What is also in the NRMP press release (that some are paying less attention to)
"Dermatology, orthopaedic surgery, otolaryngology, plastic surgery, radiation oncology, thoracic surgery, and vascular surgery were the most competitive fields for applicants. At least 90 percent of those positions were filled by U.S. medical school seniors.
The number of U.S. medical school seniors in emergency medicine increased by 7 percent and grew for the sixth year in a row, as they filled 1,268 of the 1,607 first-year positions available. Anesthesiology offered 44 more positions and matched 45 more U.S. seniors who filled 671 positions of the 841 offered "

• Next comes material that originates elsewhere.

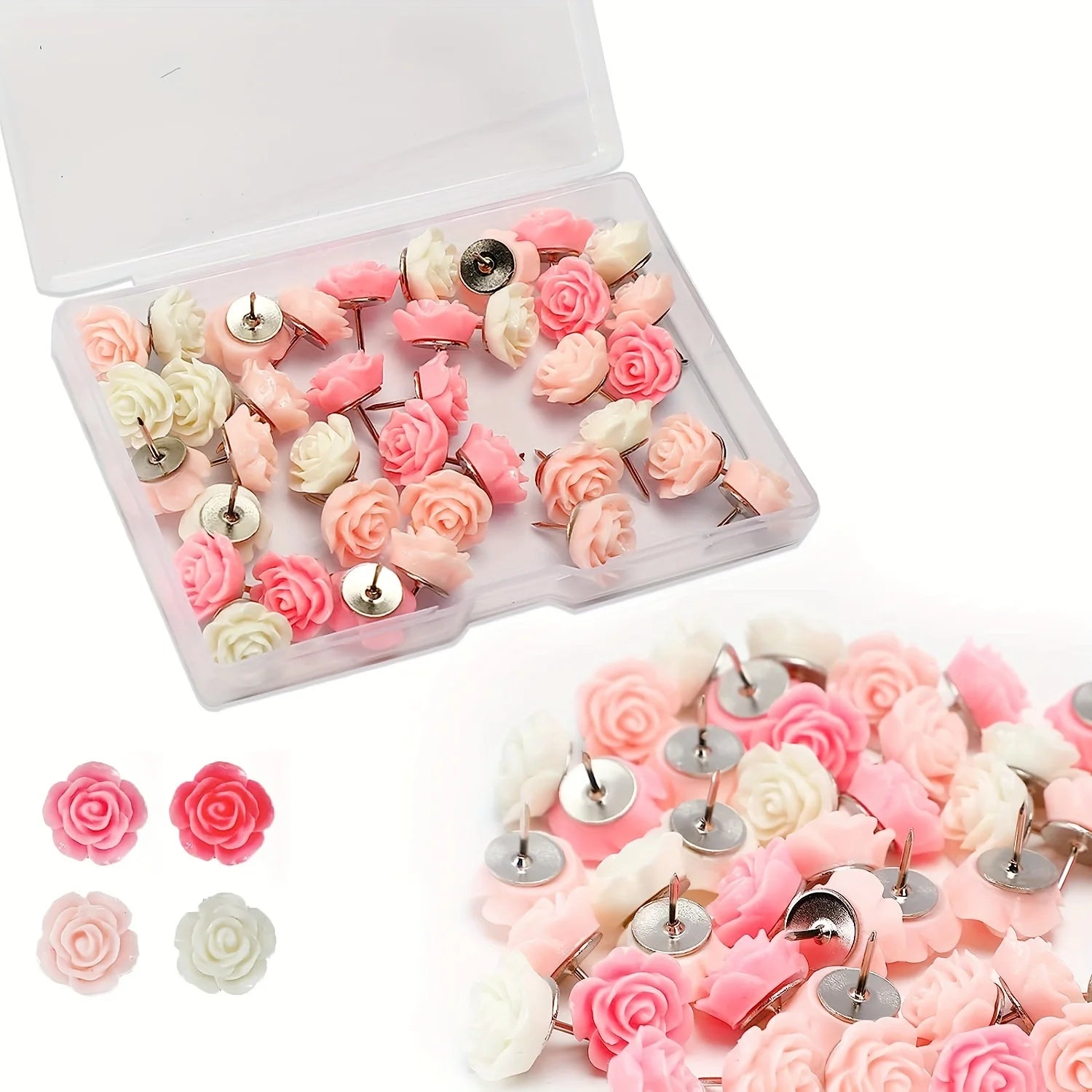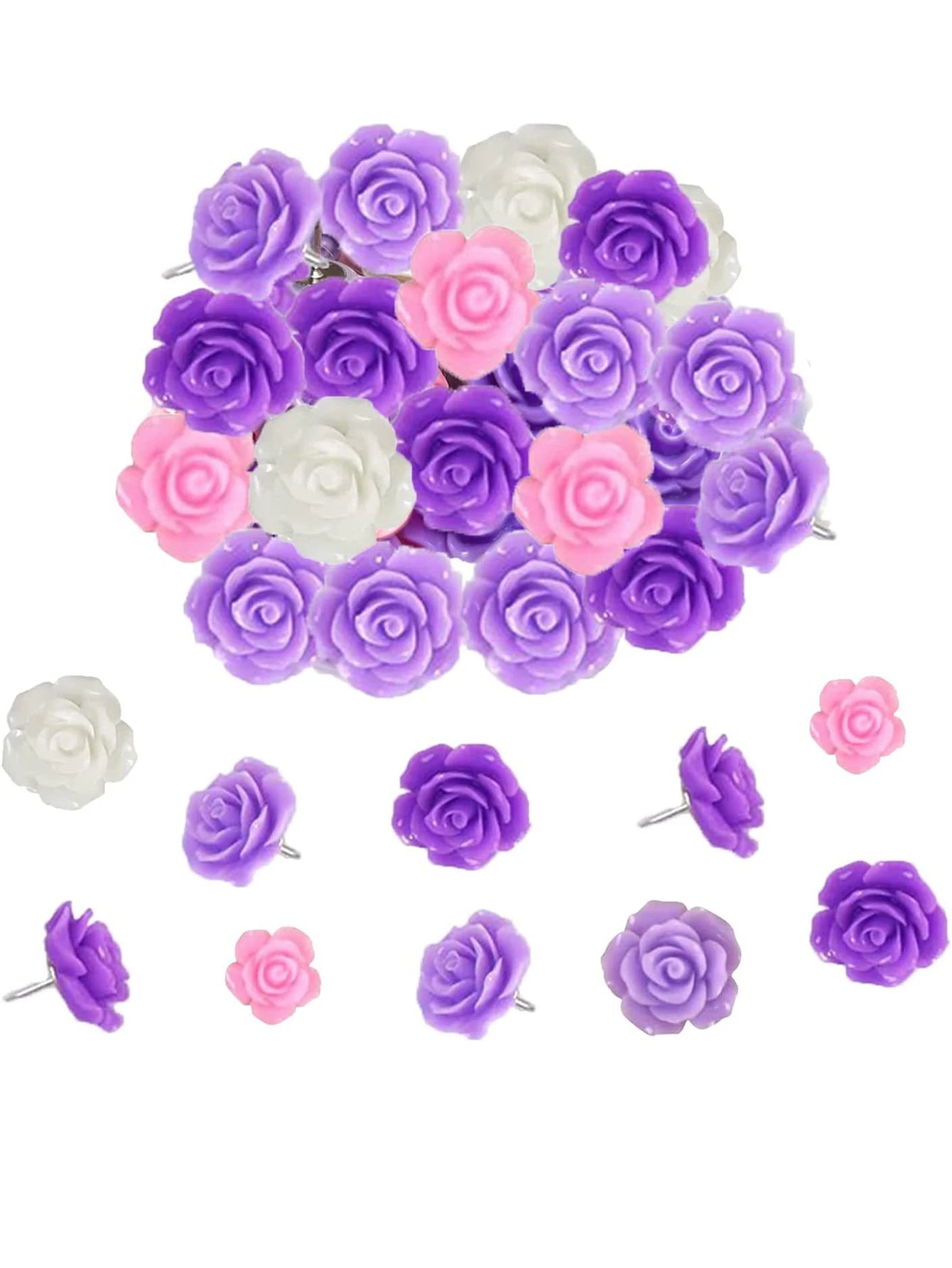 20pcs Resin Push Pins Cute Rose Flower Thumbtack New Board Drawing Photo Wall Studs Office Maps School Classroom Supplies

Essentially, though there are more medical students this year than last, and thus more doctors available to society when they are done with their residencies, the same low numbers of students are choosing residencies that will lead to careers in primary care. This small increase will not make up for the many patients in the US who lack a primary care physicians and certainly won't even begin to fill the gap when many of our now close to 50 million uninsured patients suddenly gain insurance under health care reform. Rather, despite the clear need for more primary care physicians, our students continue to choose the more lucrative subspecialties.

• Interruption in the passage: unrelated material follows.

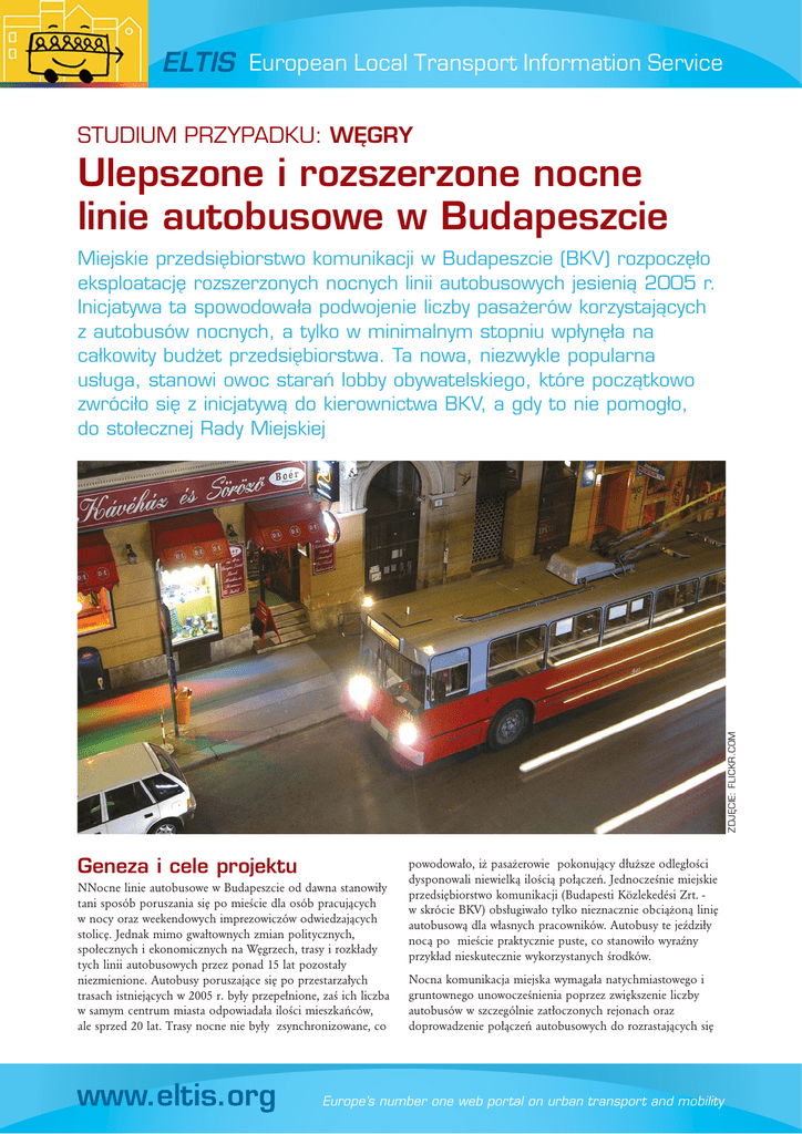 ELTIS European Local Transport Information Service STUDIUM PRZYPADKU: WĘGRY Ulepszone i rozszerzone nocne linie autobusowe w Budapeszcie ZDJĘCIE: FLICKR.COM Miejskie przedsiębiorstwo komunikacji w Budapeszcie (BKV) rozpoczęło eksploatację rozszerzonych nocnych linii autobusowych jesienią 2005 r. Inicjatywa ta spowodowała podwojenie liczby pasażerów korzystających z autobusów nocnych, a tylko w minimalnym stopniu wpłynęła na całkowity budżet przedsiębiorstwa. Ta nowa, niezwykle popularna usługa, stanowi owoc starań lobby obywatelskiego, które początkowo zwróciło się z inicjatywą do kierownictwa BKV, a gdy to nie pomogło, do stołecznej Rady Miejskiej Geneza i cele projektu NNocne linie autobusowe w Budapeszcie od dawna stanowiły tani sposób poruszania się po mieście dla osób pracujących w nocy oraz weekendowych imprezowiczów odwiedzających stolicę. Jednak mimo gwałtownych zmian politycznych, społecznych i ekonomicznych na Węgrzech, trasy i rozkłady tych linii autobusowych przez ponad 15 lat pozostały niezmienione. Autobusy poruszające się po przestarzałych trasach istniejących w 2005 r. były przepełnione, zaś ich liczba w samym centrum miasta odpowiadała ilości mieszkańców, ale sprzed 20 lat. Trasy nocne nie były zsynchronizowane, co www.eltis.org powodowało, iż pasażerowie pokonujący dłuższe odległości dysponowali niewielką ilością połączeń. Jednocześnie miejskie przedsiębiorstwo komunikacji (Budapesti Közlekedési Zrt. w skrócie BKV) obsługiwało tylko nieznacznie obciążoną linię autobusową dla własnych pracowników. Autobusy te jeździły nocą po mieście praktycznie puste, co stanowiło wyraźny przykład nieskutecznie wykorzystanych środków. Nocna komunikacja miejska wymagała natychmiastowego i gruntownego unowocześnienia poprzez zwiększenie liczby autobusów w szczególnie zatłoczonych rejonach oraz doprowadzenie połączeń autobusowych do rozrastających się Europe’s number one web portal on urban transport and mobility STUDIUM PRZYPADKU: Ulepszone i rozszerzone nocne linie autobusowe w Budapeszcie dzielnic mieszkalnych poza centrum stolicy. Jednakże pomysłodawcy wszelkie usprawnienia musiały być dostosowane do skromnego budżetu. Realizacja Lobby na rzecz usprawnienia transportu miejskiego zwane VEKE początkowo wyszło z propozycją unowocześnienia nocnych linii autobusowych i objęcia nimi praktycznie całego miasta. Autobusy poruszające się po połączonych trasach miały przyjeżdżać na przystanek prawie jednocześnie, umożliwiając pasażerom szybkie przesiadki. Zaproponowano również wprowadzenie nowego systemu numerowania autobusów nocnych opartego na liczbie 900, zgodnie z międzynarodową konwencją (ang. liczebnik nine, „dziewięć”, przypomina swym brzmieniem słowo night, „nocny”), zamiast przestarzałego symbolu É (pierwsza litera węgierskiego rzeczownika „noc”). Reforma miała polegać w dużej mierze na udostępnieniu wszystkim pasażerom firmowych autobusów BKV, co stanowiłoby niewielkie obciążenie dla budżetu. Jednak BKV przez wiele miesięcy ignorowało propozycje VEKE, nie chcąc obniżać komfortu swoich pracowników na rzecz pozostałych mieszkańców stolicy. VEKE posiada jednak stałego doradcę przy Komisji Działań Publicznych Stołecznej Rady Miejskiej, która z kolei decyduje o budżecie BKV. Lobby postanowiło więc zadziałać niejako ponad głowami upartych transportowców. Rada Miejska zgodziła się z faktem, iż nocna komunikacja autobusowa wymaga zmian, a następnie z powodzeniem zmusiła BKV do zajęcia się tą sprawą. Pomimo, że ambitny plan VEKE nie został wdrożony w całości, jego podstawowe założenia zostały zrealizowane. Rozszerzona i unowocześniona sieć komunikacji nocnej zaczęła działać dnia 1 września 2005 r., zaś kilka miesięcy później wprowadzono kolejne usprawnienia. Dziś system nocnej komunikacji autobusowej w Budapeszcie obejmuje 29 linii autobusowych i 1.585 przystanków w porównianiu do wsześniejszych 19 linii i 752 przystanków. nocnych autobusów w weekendy wzrosła z 22-24.000 do około 40.000 pasażerów w ciągu jednej nocy. Przejazdy weekendowe (tzn. w nocy z piątku na sobotę i z soboty na niedzielę) zamiast 30-32.000 pasażerów zaczęły liczyć około 56.000. Najbardziej uczęszczana linia 906 przewozi w noce weekendowe nawet do 1.000 pasażerów na godzinę na jednej trasie. Nowe linie autobusowe zapewniają amatorom budapeszteńskiego życia nocnego bezpieczne przejazdy w atmosferze pozbawionej znamion klaustrofobii. Korzysta z nich też obecnie coraz więcej mieszkańców jeżdżących do pracy na poranną zmianę. Wbrew obawom nie uległ zmianie komfort nocnych pracowników BKV dojeżdżających za darmo do pracy. Pomimo, iż przy wprowadzaniu ulepszeń BKV skorzystało w pewnym stopniu z dokładnej analizy doświadczeń swojego praskiego odpowiednika, osiągnięty wynik może posłużyć jako modelowy przykład dla innych miast. Doświadczenie BKV pokazuje, jak przedsiębiorstwo transportowe może udoskonalić swoje usługi nie nadwerężając przy tym budżetu. Najważniejsza jednak nauka płynie z tego, jak istotny udział we wprowadzaniu zmian mogą mieć sami użytkownicy sieci transportowych. BKV przyznaje dziś, że zmiany wynikły z „licznych próśb użytkowników”, jasne jest również, że konsekwentne starania VEKE odegrały tu kluczową rolę. Jedną z oczywistych mocnych stron kampanii VEKE było nawiązanie współpracy z Radą Miejską oraz fakt, iż propozycja ulepszeń opierała się nie tylko na żywym zainteresowaniu i zrozumieniu istniejących problemów, ale także na znalezieniu konkretnego i oszczędnego sposobu ich rozwiązania. Dodatkowe informacje Greg Spencer Regionalne Centrum Ekologiczne na Europę Środkową i Wschodnią Tel.: (36-30) 504-000, wew. 208 Faks: (36-30) 311-294 [email protected] Źródło: http://greenhorizon.rec.org Podsumowan

America, this is a crisis. Many of the few primary care docs we have are retiring, leaving practice, or going cash only or retainer. Our students see this and continue to choose other specialties. If something is not done to increase the value, reimbursement, and job satisfaction of our primary care doctors; we will have no one left to care for our sick and aging population. (And before you post a comment about NP's and PA's filling this gap, those students aren't going into primary care either. A surgical PA makes more money than a primary care MD).